Abstract
Temporal lobe epilepsy (TLE) is a disorder of the central nervous system in which hippocampus is mostly involved and causes memory impairment. Kindling is a model of inducing epilepsy which is created through pentylenetetrazol (PTZ) administration. This study examines the role of the aqueous extract of Boswellia on the learning and development of brain (formation of dendritic branches and axons) of the PTZ-induced kindled rats. The study is conducted on sixty-four male rats divided into 8 groups. Kindling seizures are induced by three injections of 25 mg/kg of PTZ every 15 min. The aqueous extracts (0, 0.1, 0.5, 1 g/kg, i.p) are administrated to all animals for three consecutive days. Passive avoidance learning of animals is examined using shuttle box apparatus and step-through latency (STL) method. Rats are anesthetized and their brains are fixed by transcardial perfusion method and are analyzed by morphometric methods after applying Golgi and Cresyl violet staining methods.
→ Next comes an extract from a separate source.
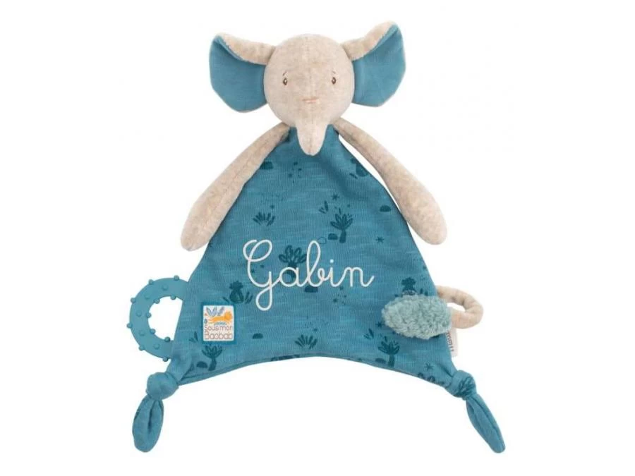 Doudou Bergamote l’éléphant et ses grandes oreilles toutes douces. Il comprend une queue à transformer en attache tétine à scratcher, et un anneau dentaire sur le côté. Le prénom de bébé pourra être brodé sur la combinaison de son nouveau compagnon.

PTZ-induced kindling indicates a significant decrease in the number of pyramidal neurons and dendritic spines in hippocampal region cornu ammonis (CA1). The STL of the kindled rats is significantly reduced compared with control ones. Also, Boswellia extract dramatically increased the number of neuronal processes in CA1 region and improves passive-avoidance learning ability in both control and PTZ-kindled animals in 1 g/kg dose administration of Boswellia extract, especially at high doses can eliminate adverse effects of seizures on cognitive function in hippocampal area CA1 in rats.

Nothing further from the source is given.